(M1030-10-59) Polymer Nanovectors for Treating Lung Inflammation

Purpose: Uncontrolled inflammation is a key factor in the pathogenesis of various lung diseases such as emphysema, COPD, and ARDS. Current therapies, including corticosteroids and bronchodilators, have significant side effects, limiting their long-term use. Small interfering RNA (siRNA) offers a promising alternative for targeted immunomodulation. However, efficient siRNA delivery faces challenges in cellular uptake and tissue localization.

Methods: This study investigates a series of guanidinium-functionalized polymers (Cn-Guan) designed to explore the effects of amphiphilicity on siRNA complexation and efficiency in vitro and in vivo. Nine polymers with varying side chain lengths (C3, C5, C7) and molecular weights (17 kDa, 30 kDa, 65 kDa) were synthesized, forming polyplexes with siRNA.

Results: Characterization revealed that C7-Guan polymers exhibited the smallest polyplex sizes and the tightest complexation with siRNA. In vitro studies showed that 65 kDa polymers had the highest gene knockdown efficiency, with C3 and C5-Guan achieving ~70% knockdown, while C7-Guan achieved ~30%. In vivo, all polymers demonstrated significant lung accumulation and ~70% TNF-α knockdown with a low dose of 0.14 mg/kg in a murine lung inflammation model. C7-Guan polymers, despite lower in vitro efficiency, performed excellently in vivo, likely due to enhanced stability.

Conclusion: Overall, the Cn-Guan/siRNA polyplexes effectively and safely attenuated LPS-induced pulmonary inflammation, highlighting their potential as therapeutic agents. The exploration of polymer side-chain lengths and their impact on siRNA transfection efficacy provides valuable insights for the design of future siRNA delivery systems. These findings underscore the importance of optimizing polymer characteristics to achieve efficient and targeted gene silencing in the treatment of inflammatory lung diseases.  

Acknowledgements: VR acknowledges support from the National Institutes of Health under EB EB022641. The content is solely the authors’ responsibility and does not necessarily represent the official views of the National Institutes of Health. The authors thank the Light Microscopy Core Facility and the Flow Cytometry Core Facility at the University of Massachusetts, Amherst, for establishing confocal microscopy and flow cytometric assays. The authors thank the Farkas group at the University of Massachusetts Amherst for sharing their RT-PCR instrument.

Schematic of study design. Cn-Guan polymers of varying chain lengths and molecular weights self-assemble with siRNA. Cn-Guan/siRNA knockdown TNF-α gene in inflamed macrophages in vitro and in vivo in inflamed lungs through systemic administration.

Evaluation of uptake and fluorescent reporter gene silencing in. a) Quantification of siRNA uptake in M1-polarized RAW 264.7 cells following treatment with Cn-Guan/AF488-siRNA (25 nM of siRNA) polyplexes in all molecular weights as a function of G/P ratio, as quantified by cytometry. b) Representative flow cytometry histogram for uptake for 65 kDa Cn-Guan/AF488-siRNA. c) Quantification of eGFP knockdown M1-polarized RAW 264.7:eGFP cells following treatment with Cn-Guan/si_GFP (75 nM of siRNA) polyplexes in all molecular weights as a function of G/P ratio, as quantified by cytometry. d) Representative CLSM images for eGFP knockdown in M1-polarized RAW 264.7:eGFP after treatment with Cn-Guan/si_GFP (75 nM of siRNA) with the 65 kDa polymer weight polymers. Cell nuclei stained with DAPI (blue). Scale bar: 50 μm.

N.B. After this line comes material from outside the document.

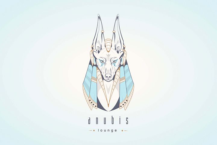 Логотип ANUBIS Lounge выполнен в стиле, который сочетает в себе элементы египетской иконографии и современные графические решения. Изображение головы Анубиса, выполненное в мягких пастельных тонах, создает ощущение спокойствия и гармонии. Золотые и синие акценты добавляют роскоши и подчеркивают мистическую природу символа.

Therapeutic efficacy of Cn-Guan/siRNA polyplex-mediated gene knockdown. a) Serum TNF-α measured by ELISA 24 h after polyplexes dosing. b) qRT-PCR for TNF-α mRNA levels. BALB/c mice were systematically injected with the polyplexes at a siRNA dose of 0.14 mg/kg, and the lungs were harvested after 24 h. c) Relative bronchial wall thickness analysis 24 h after systemic administration of polyplexes at a siRNA dose of 0.14 mg/kg. d) Representative hematoxylin and eosin-stained lung histology sections of mice. Yellow arrows indicate bronchial wall thickness (scale bar, 200 μm). e) in vivo determination of hepatic function using ALT analysis of the blood plasma. Error bars represent the mean ± the standard error of the mean (SEM) (n=4, one-way ANOVA and Tukey multiple comparisons, ****p < 0.001, 99.9% CI).